◆ DATA ◆
=== Begin Enclosure ===
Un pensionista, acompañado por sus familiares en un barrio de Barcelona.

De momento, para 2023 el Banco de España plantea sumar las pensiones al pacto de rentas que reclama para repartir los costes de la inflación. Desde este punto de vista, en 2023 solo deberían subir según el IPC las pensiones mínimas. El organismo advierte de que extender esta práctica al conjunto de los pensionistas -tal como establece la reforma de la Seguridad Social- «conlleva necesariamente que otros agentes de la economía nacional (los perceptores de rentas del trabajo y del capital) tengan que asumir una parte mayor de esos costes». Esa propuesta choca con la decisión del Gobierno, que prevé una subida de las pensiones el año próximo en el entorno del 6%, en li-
=== End Enclosure ===
=== Begin Enclosure ===
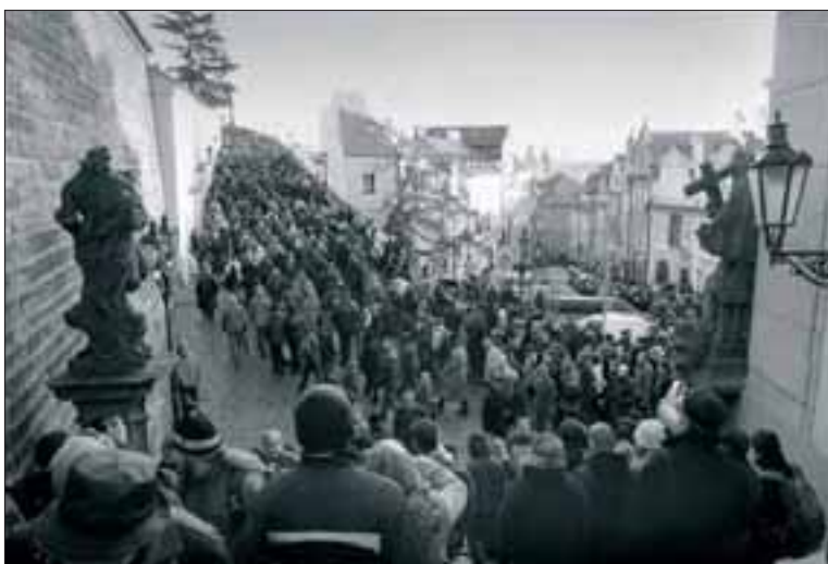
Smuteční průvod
=== End Enclosure ===
◆ PROBLEM TO WORK ON ◆
Look above for the line with "Un pensionista, acompañado" and the line with "De momento, para", and reproduce exactly those two lines plus every line between, nothing more.

◆ WRITTEN ANSWER ◆
Un pensionista, acompañado por sus familiares en un barrio de Barcelona.

De momento, para 2023 el Banco de España plantea sumar las pensiones al pacto de rentas que reclama para repartir los costes de la inflación. Desde este punto de vista, en 2023 solo deberían subir según el IPC las pensiones mínimas. El organismo advierte de que extender esta práctica al conjunto de los pensionistas -tal como establece la reforma de la Seguridad Social- «conlleva necesariamente que otros agentes de la economía nacional (los perceptores de rentas del trabajo y del capital) tengan que asumir una parte mayor de esos costes». Esa propuesta choca con la decisión del Gobierno, que prevé una subida de las pensiones el año próximo en el entorno del 6%, en li-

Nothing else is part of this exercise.